Data extracted from a collection:
+ + + +

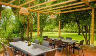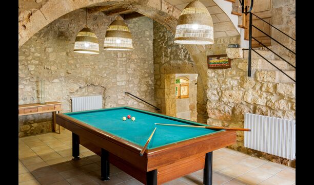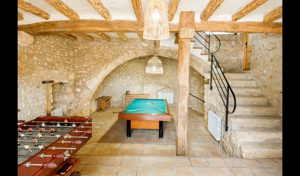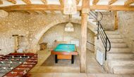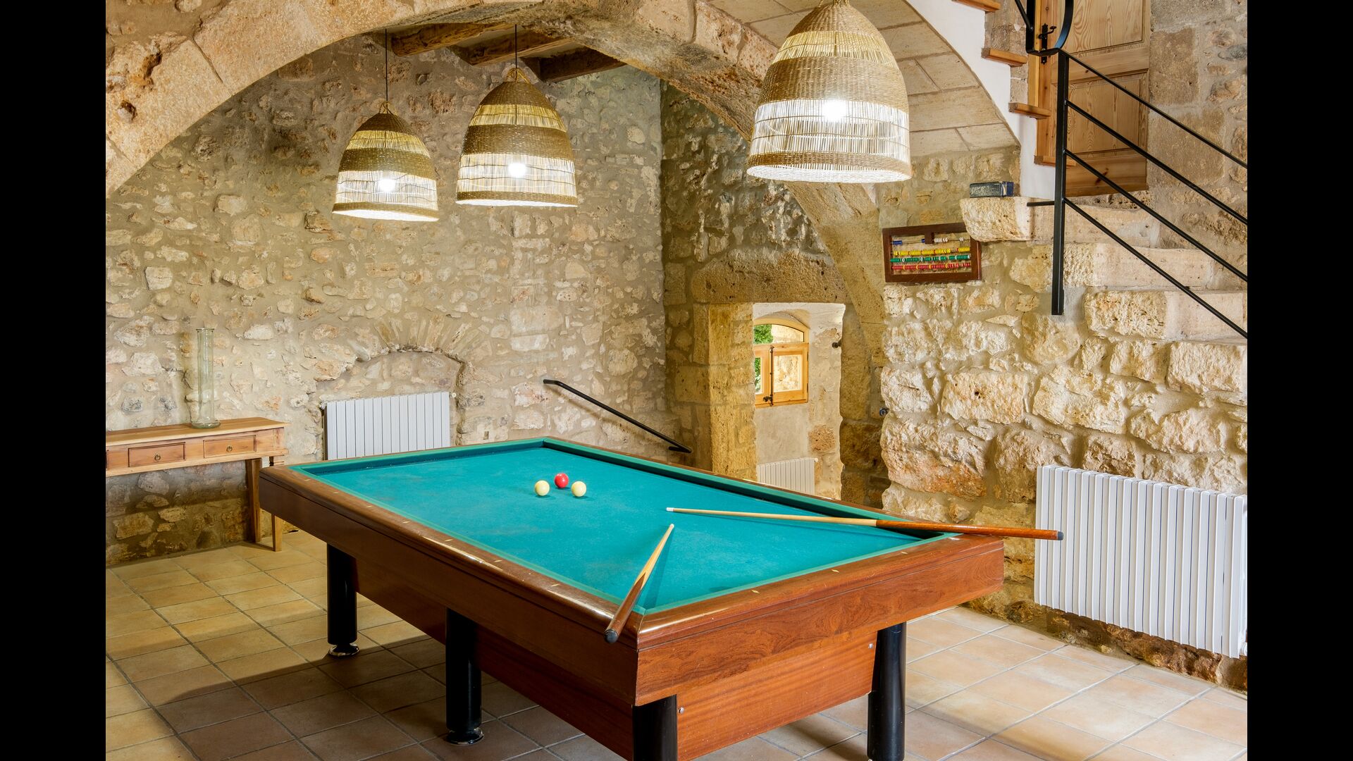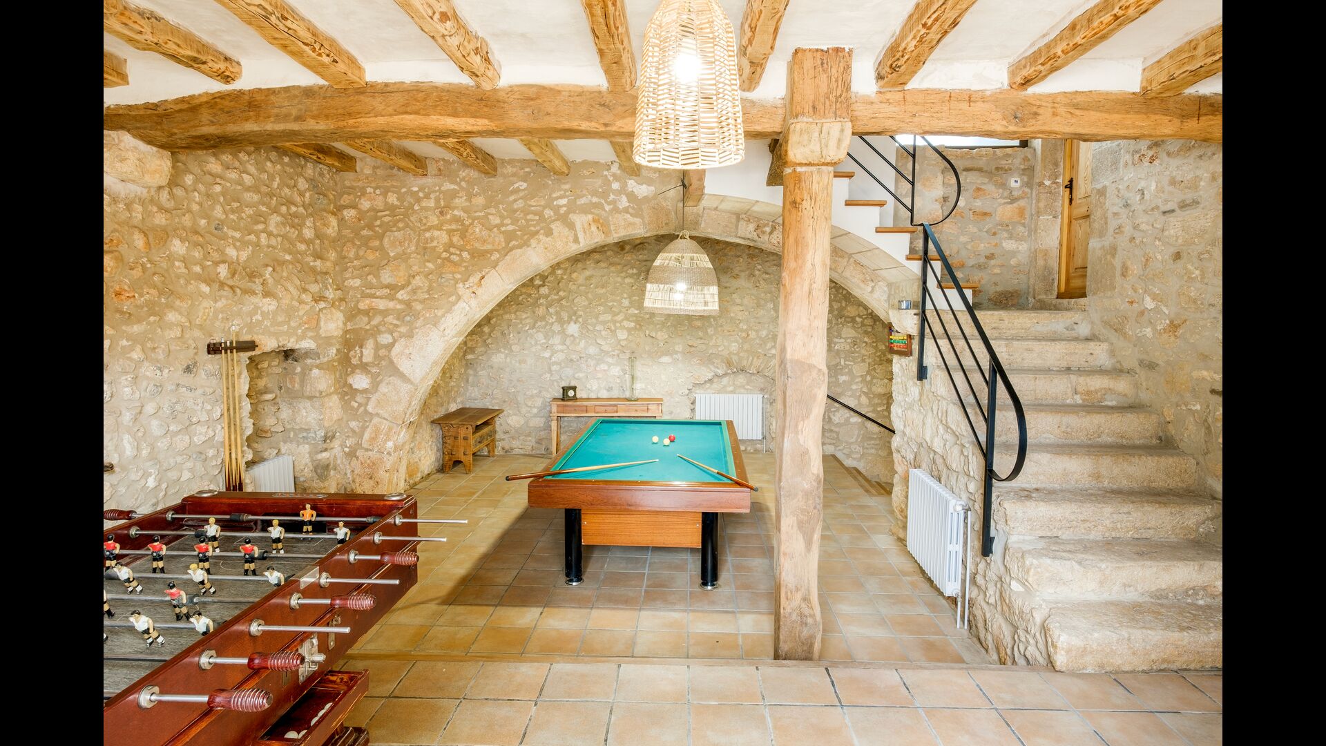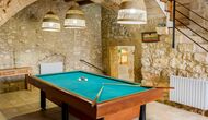 En entrant par l'entrée principale de la maison à l'arrière du bâtiment, au rez-de-chaussée, vous entrerez dans un grand hall. À quelques pas de là, vous trouverez un billard et un baby-foot – parfait pour les soirées jeux entre amis ou en famille ! En bas à droite se trouve une autre salle, avec plusieurs tables et bancs de taille moyenne, ainsi que deux canapés de taille moyenne et une large table basse. De plus, vous pouvez accéder directement au jardin à partir d'ici, et c'est un endroit idéal pour se retirer à l'intérieur lorsque vous souhaitez vous éloigner du chaud soleil.
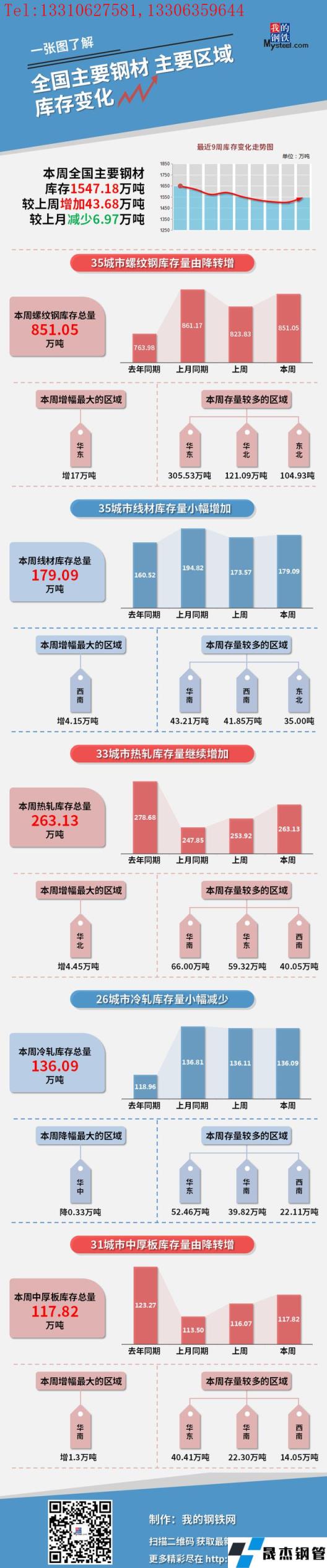 本周,全國(guó)主要厚壁無(wú)縫鋼管社會(huì)庫(kù)存1547.18萬(wàn)噸,較上周增加43.68萬(wàn)噸,較上月減少6.97萬(wàn)噸;螺紋鋼庫(kù)存總量851.05萬(wàn)噸。
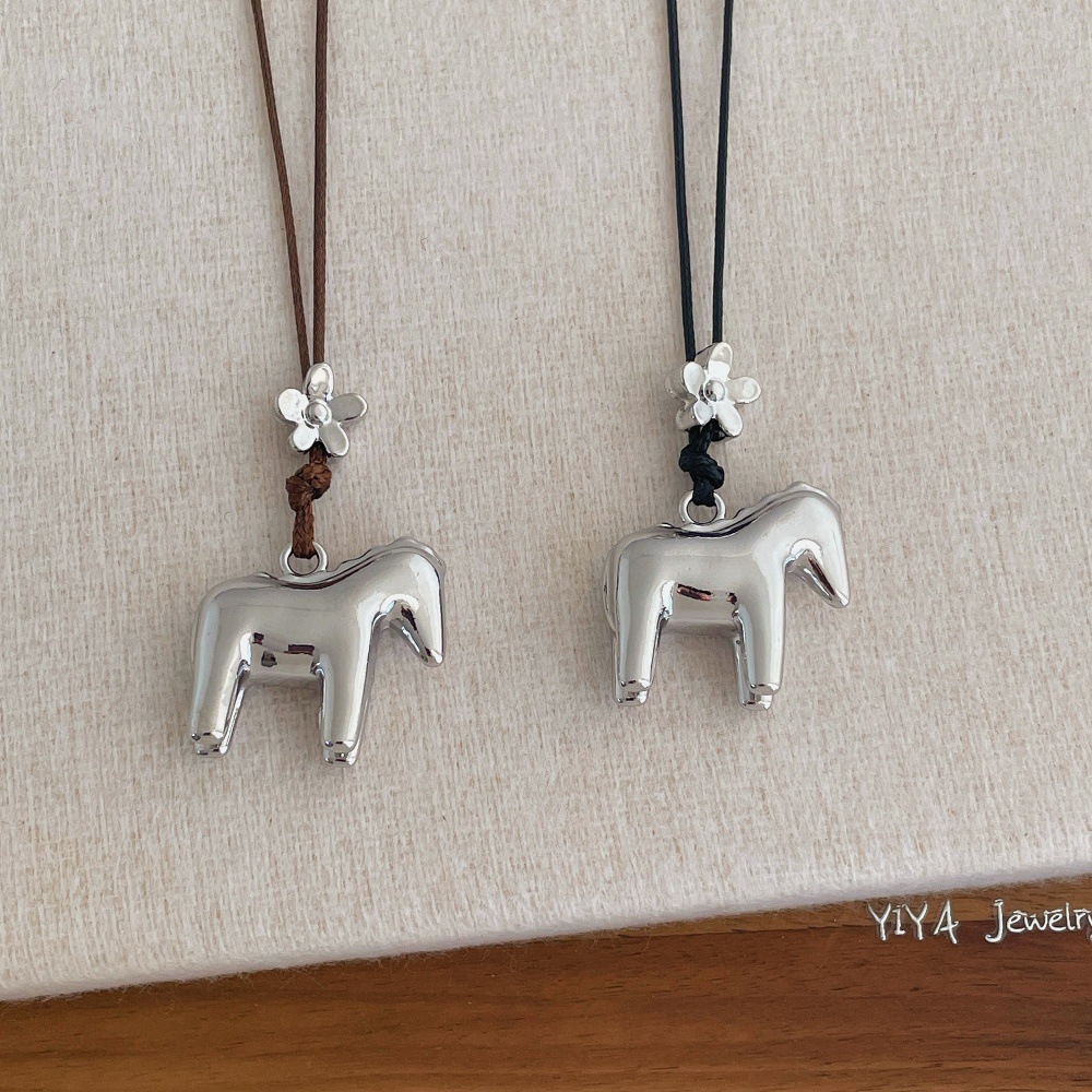 韩系ins银色小马吊坠项链女高级感小众长款毛衣链日常百搭配饰品
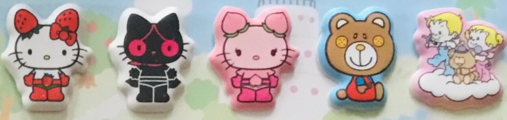 - Hello Kitty’s Ultraman-style alter ego (いちご ichigo means strawberry). The two characters next to her are from the same series.
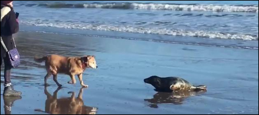 The video shows a seal coming up onto the sand, where it ends up coming face-to-face with Lula.
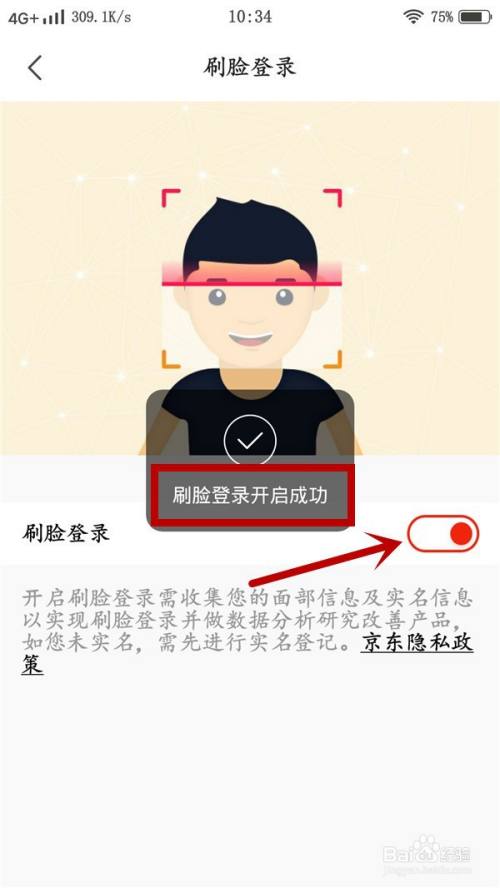 页面提示:刷脸登录开启成功,【刷脸登录】后的按钮呈红色即可。
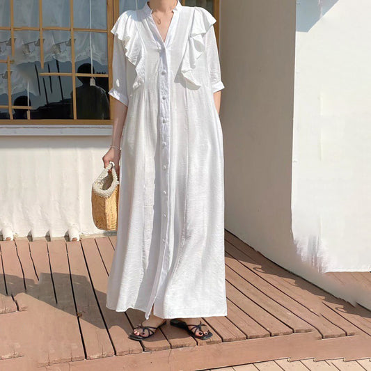[洋裝] 春秋夏荷葉邊下擺單扣寬鬆短袖洋裝長裙
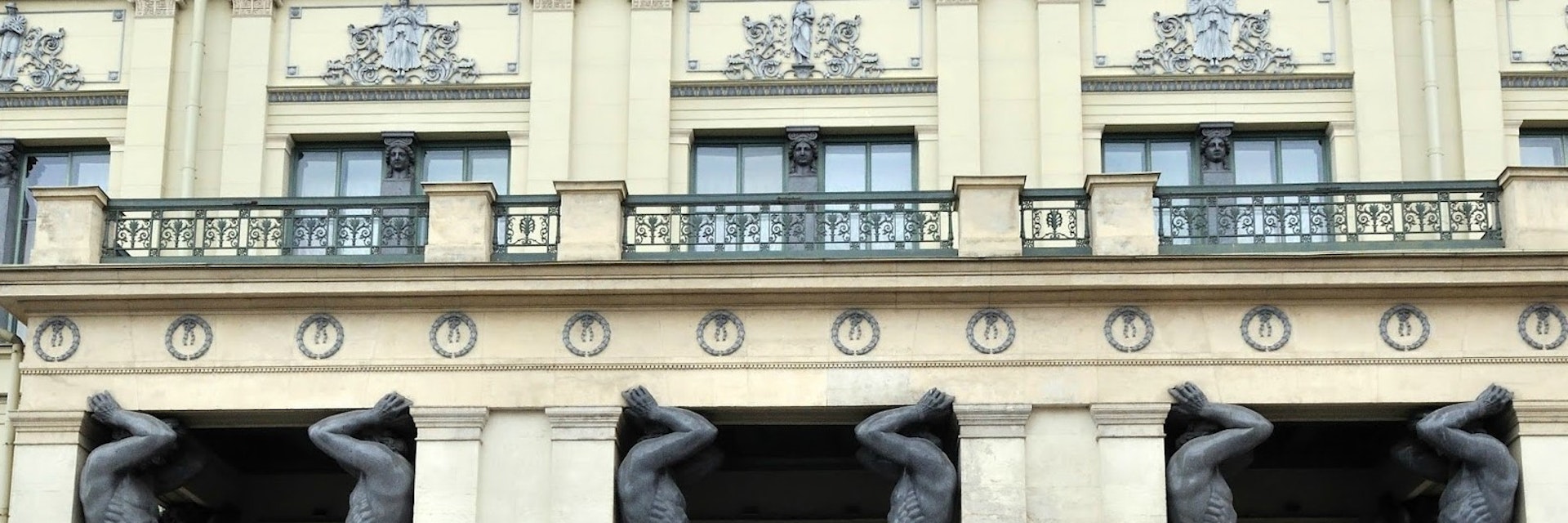The New Hermitage's original entrance has a portico supported by monumental Atlantes carved from grey granite in the workshop of Alexander Terebenev.
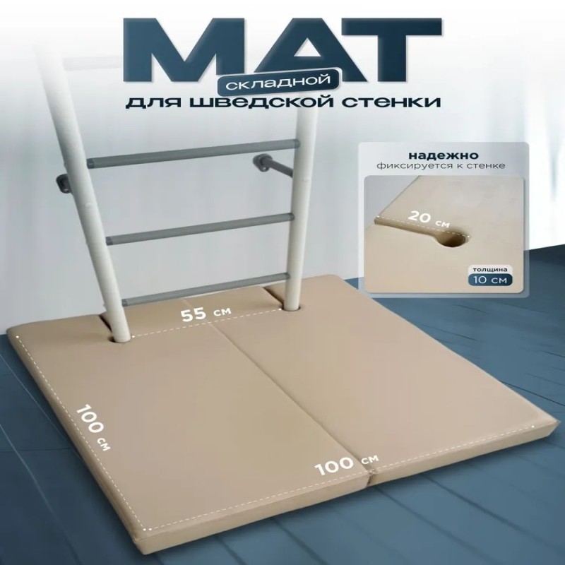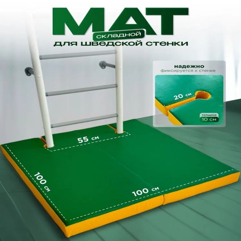 Складной мат для шведской стенки размером 100х100х8 см обеспечивает безопасность и комфорт во время занятий спортом и игр. Благодаря безопасной толщине в 8 см, мат смягчает прыжки и падения, предотвращая травмы. Вырезы для опор-ножек шведской стенки и ДСК позволяют зафиксировать положение мата, обеспечивая стабильность и надежность, расстояние между выемками 45см (внутреннее), 55см (внешнее)
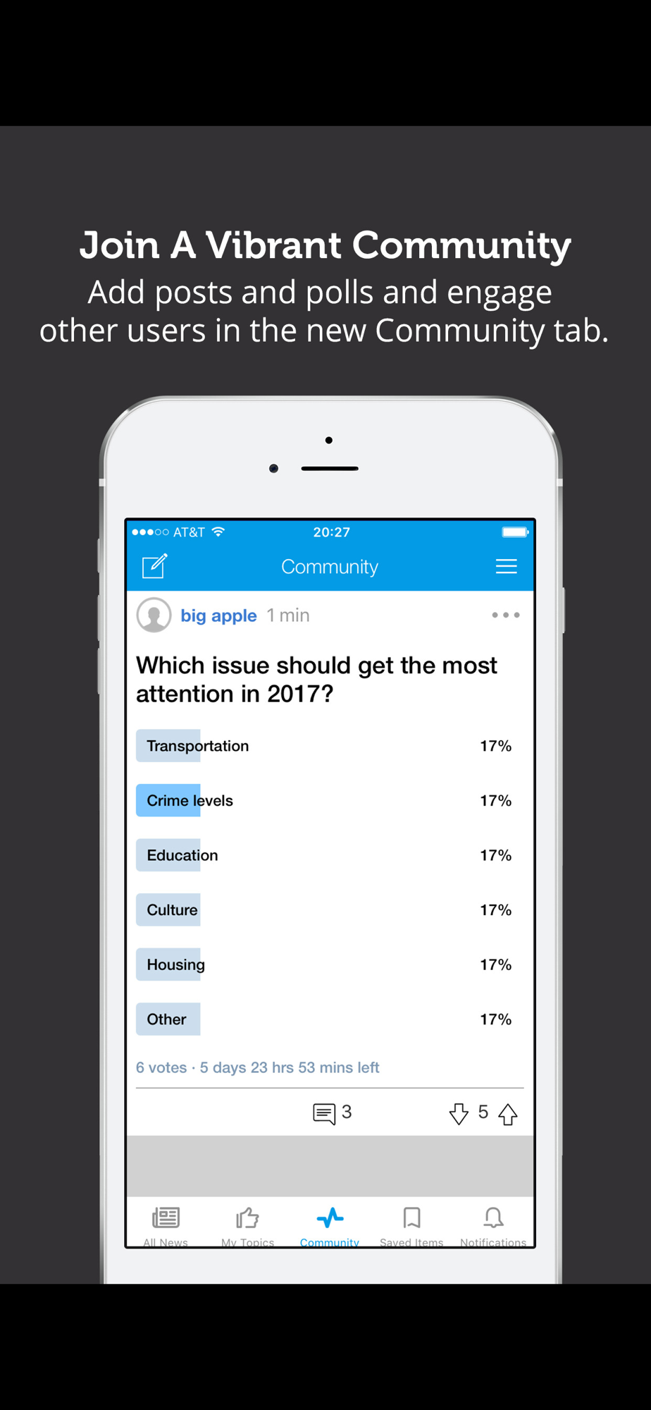 * Join a Community of fellow New Yorkers! Post stories or polls, comment on stories, and tag articles!
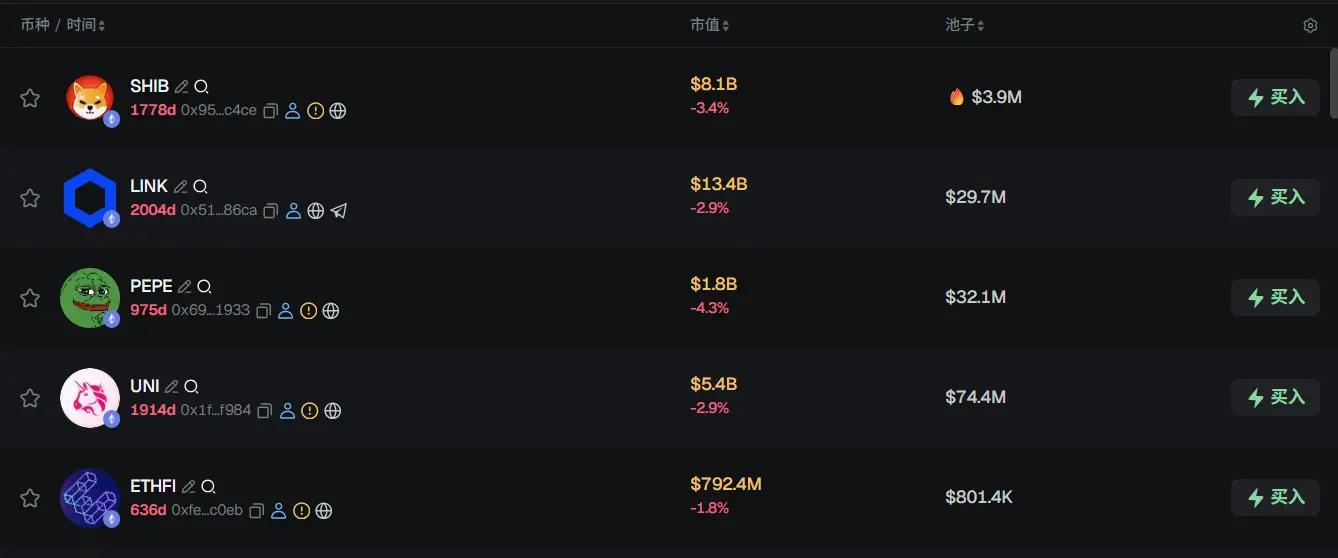 过去 24h ETH 热门代币前五依次为:SHIB、LINK、PEPE、UNI、ETHFI

+ + + +

# WHAT YOU WILL DO:
What's needed is an exact copy of the records above from the line containing "- Hello Kitty’s" down to the line containing "[洋裝] 春秋夏荷葉邊下擺單扣寬鬆短袖洋裝長裙", both included, without any pictures.

# SOLUTION TO THIS TASK:
 - Hello Kitty’s Ultraman-style alter ego (いちご ichigo means strawberry). The two characters next to her are from the same series.
 The video shows a seal coming up onto the sand, where it ends up coming face-to-face with Lula.
 页面提示:刷脸登录开启成功,【刷脸登录】后的按钮呈红色即可。
[洋裝] 春秋夏荷葉邊下擺單扣寬鬆短袖洋裝長裙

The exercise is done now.